True Positive     47
True Negative     29
False Negative    23
False Positive     3
Name: Pred_Class, dtype: int64

In [32]:

# Create confusion matrix table, along with labels, counts and percentage
cf_matrix = np.array([[cf_values.loc['True Positive'], cf_values.loc['False Negative']],
            [cf_values.loc['False Positive'], cf_values.loc['True Negative']]])

group_names = ['True Positive', 'False Negative\n(Type II Error)', 'False Positive\n(Type I Error)', 'True Negative']

group_counts = ['{0:0.0f}'.format(value) for value in
                cf_matrix.flatten()]
                
group_percentages = ['{0:.2%}'.format(value) for value in
                     cf_matrix.flatten()/np.sum(cf_matrix)]
                     
labels = [f'{v1}\n{v2}\n{v3}' for v1, v2, v3 in
          zip(group_names,group_counts,group_percentages)]
          
labels = np.asarray(labels).reshape(2,2)

# Create confusion matrix plot using Seaborn
ax = plt.subplot()
plt.rcParams.update({'font.size': 14})
sns.heatmap(cf_matrix, annot=labels, fmt='', cmap='PuOr')

# Set labels, title and ticks
ax.set_xlabel('Predicted Class', fontsize=14)
ax.set_ylabel('Actual Class', fontsize=14)
ax.set_title('Confusion Matrix', fontsize=14, fontweight='bold')
ax.xaxis.set_ticklabels(['Performance Increase', 'Performance Decrease'], fontsize=12)
ax.yaxis.set_ticklabels(['Performance Increase', 'Performance Decrease'], va='center', fontsize=12)

Out[32]:

[Text(0, 0.5, 'Performance Increase'), Text(0, 1.5, 'Performance Decrease')]

In [33]:

# Below are the classification metrics. 
accuracy = '{0:.2%}'.format((cf_values.loc['True Positive'] + cf_values.loc['True Negative']) / (cf_values.loc['True Positive'] + cf_values.loc['False Positive'] + cf_values.loc['True Negative'] + cf_values.loc['False Negative']))
print('Accuracy: ', accuracy)

sensitivity = '{0:.2%}'.format((cf_values.loc['True Positive']) / (cf_values.loc['True Positive'] + cf_values.loc['False Negative']))
print('Sensitivity (Recall): ', sensitivity)

specificity = '{0:.2%}'.format((cf_values.loc['True Negative']) / (cf_values.loc['True Negative'] + cf_values.loc['False Positive']))
print('Specificity (True Negative Rate): ', specificity)

precision = '{0:.2%}'.format((cf_values.loc['True Positive']) / (cf_values.loc['True Positive'] + cf_values.loc['False Positive']))
print('Precision (Positive Predictive Value): ', precision)

f1 = '{0:.2%}'.format((2 * cf_values.loc['True Positive']) / (2 * cf_values.loc['True Positive'] + cf_values.loc['False Positive'] + cf_values.loc['False Negative']))
print('F1 Score (harmonic mean of Precision and Sensitivity): ', f1)

Accuracy:  74.51%
Sensitivity (Recall):  67.14%
Specificity (True Negative Rate):  90.62%
Precision (Positive Predictive Value):  94.00%
F1 Score (harmonic mean of Precision and Sensitivity):  78.33%

8. Conclusion¶

Getting accuracy over 70% is more likely to move this model in to production.
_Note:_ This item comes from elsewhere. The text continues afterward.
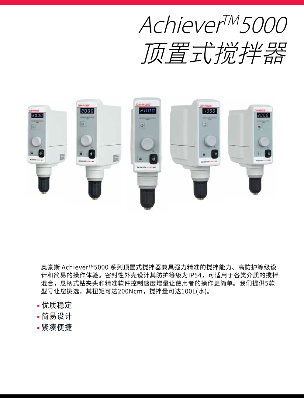 奧豪斯Achiever?5000系列頂置式攪拌器日常實驗室便攜強力攪拌機
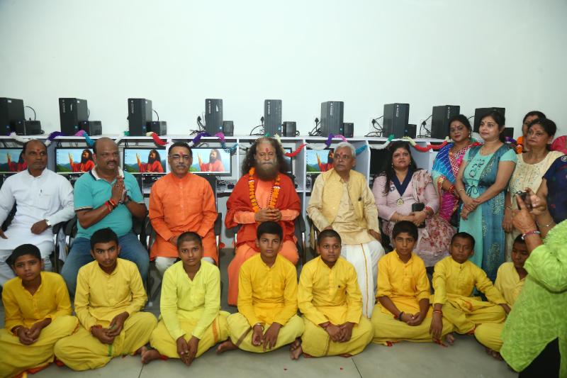 With the divine grace and blessings of HH Param Pujya Swami Chidanand Saraswatiji, President of Parmarth Niketan, ten computer sets were provided free of cost to Ayodhya’s ‘Shri Muktik Gurukul Mahavidyalaya’ setting the stage for the inauguration of the Shatabdi Computer Lab in the presence of Acharyas, students and revered saints, including Shri Nritya Gopal Das Ji, Head of Mani Ram Das Camp, Ayodhya and President, Shri Ram janmabhoomi nyas.

We can confidently predict whether the employee will increase or decrease in performance. Even more so, for employees we think will decrease in performance, we can get ahead of that and ask the supervisor to coach them and support them to mitigate the decrease in performance.

We can see how versatile Pycaret is in experimenting real case scenarios. Most companies do not have terabytes of data so as a citizen-data-scientists, we can use Pycaret in many daily business situations to make more meaningful and data-driven decisions.

In [34]:

# Note: since we had enabled log_experiement and log_plots in the setup() function. Pycaret does a wonderful job in leveraging MLflow so all experiments can be logged and analyzed. This can be accomplished with a simple one-line command and viewed in your browser. 
!mlflow ui

[2020-09-04 12:00:01 -0500] [16848] [INFO] Starting gunicorn 20.0.4
[2020-09-04 12:00:01 -0500] [16848] [INFO] Listening at: http://127.0.0.1:5000 (16848)
[2020-09-04 12:00:01 -0500] [16848] [INFO] Using worker: sync
[2020-09-04 12:00:01 -0500] [16850] [INFO] Booting worker with pid: 16850
^C
[2020-09-04 12:14:16 -0500] [16848] [INFO] Handling signal: int
[2020-09-04 12:14:16 -0500] [16850] [INFO] Worker exiting (pid: 16850)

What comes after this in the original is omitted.